Gib Bassett’s commentary is on the money. Big Data and AI have the answers. The challenge is how to use them. I have read that only 0.5 percent of available data is used. When you look at data accumulation, year over year, you understand why. Ways have to be developed to visualize the data in an actionable way. Good visuals, infographics and animations can take hundreds of thousands of data points and put them into a meaningful communication.
As Bassett says, “Best in class companies will figure out how to manage all their data and do so as an asset. Not any one type of data, but all relevant data.”
President, City Square Partners LLC
There are two additional factors to consider when modernizing analytical infrastructure. First, beyond internal collaboration, there needs to be better external collaboration between retailers and manufacturers.
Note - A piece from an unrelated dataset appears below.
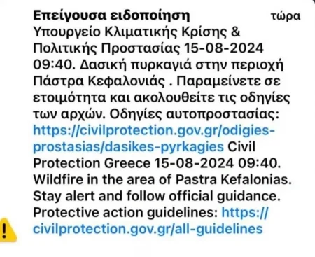 Για τη φωτιά στην Κεφαλονιά εστάλη μήνυμα από το 112 στους κατοίκους, μέσω του οποίου τους ζητείται να παραμείνουν σε ετοιμότητα και να ακολουθούν τις οδηγίες των αρχών.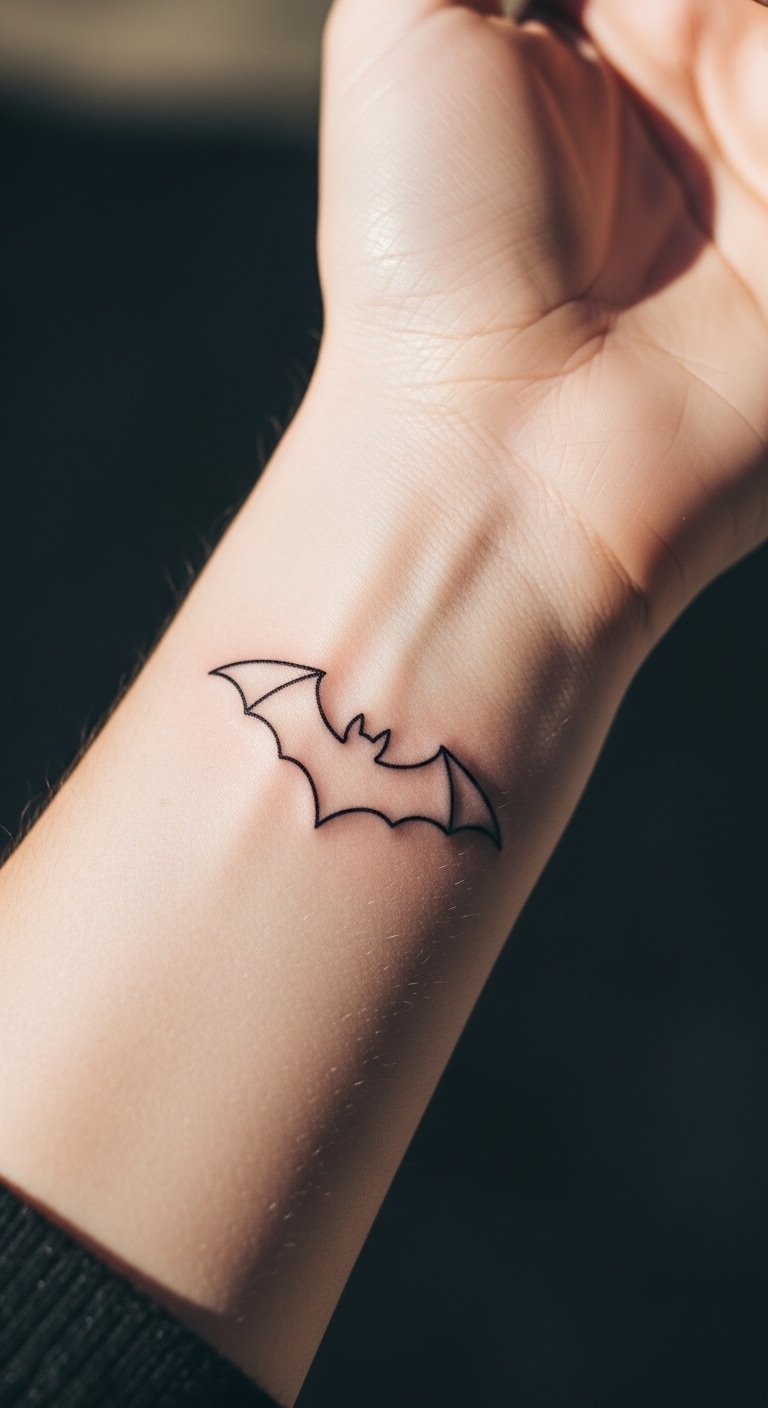 Keep it minimal with just an outline. Think of a clean bat shape. Draw it quickly with a pen on paper. Focus on smooth lines for elegance. Ask local shops for minimalist specials. Test with a fine-tip pen on your skin. Wear it on your wrist for everyday use. Small sizes mean lower prices. Apps make tracing easy. This design is straightforward and cost-effective.

Most retailers and manufacturers don’t have the depth of resources necessary to go down this path alone. Only through enhanced collaboration can both parties achieve the analytical insights that result in driving sales. Second, many retailers can’t afford huge IT projects and they struggle everyday with how to economically aggregate disparate data sources. The retailers also struggle with how to effectively use data analytics to find actionable insights. Analytical infrastructure solutions must be cost-effective for these retailers. Otherwise, the definition of “best in class” will only refer to retailers with deep pockets.
Director of Industry Strategy - CPG & Retail, Stibo Systems
Global Industry Architect, Microsoft Retail
I keep hearing “data is the new oil” — something I fundamentally disagree with. Data is not like oil because oil is a finite resource, whereas data is continually increasing in volume. Extracting value is key to this — but you need the right tools, people and processes in place to do this. Data is the new soil may well be more appropriate!
Sifting through the soil is the challenge. There is a shortage of data scientists as we all know. There is also the challenge of taking a predictive model and using it operationally to make it useful in real-time.
Full disclosure: Software AG is in the business of helping customers with both self-service analytics to help business users build models, but we have also invested heavily in allowing predictive models to be useful with real-time streaming data from IoT devices and operational systems to allow a real-time response to a specific problem or opportunity.
Founder | CEO, Female Brain Ai & Prefeye - Preference Science Technologies Inc.
This is a hard question, as retailers and brands long ago turned their data over to data analysts, as retailers did not want to deal with it. Today analysts with no experience in retail, product or the human decision to purchase, are tasked with evaluating and translating data into brilliant and actionable insights. Behaviorally, this is pretty much a mess. Structurally various data silos are strung out among disjointed walled data infrastructures. Wow.
The race to embrace data has lead retailers and brands to abandon common sense. Retailers and brands need a subject matter expert in the room, not linear-based, finite mathematical formulas trying to solve for human insights.
Retail is a digital business. Period. Someone needs to help the C-suite cross the knowledge gap between the physical and digital world. Only then will executives be able to leverage their business acumen, lacking in data analysts, into powerful insights able to crack the codes of knowledge buried in their data silos.
Contributing Editor, RetailWire; Founder and CEO, Vision First
Effectively using data to make better decisions (over time and in real-time) is a perennial industry problem. To modernize, retailers need access to good quality internal and external data, effective tools to analyze, plan, predict and act, and event brokers to easily and securely move data points to where the need to be.
The culture of distributed decision-making starts at the top, requires collaboration across the organization and a modern IT infrastructure to execute.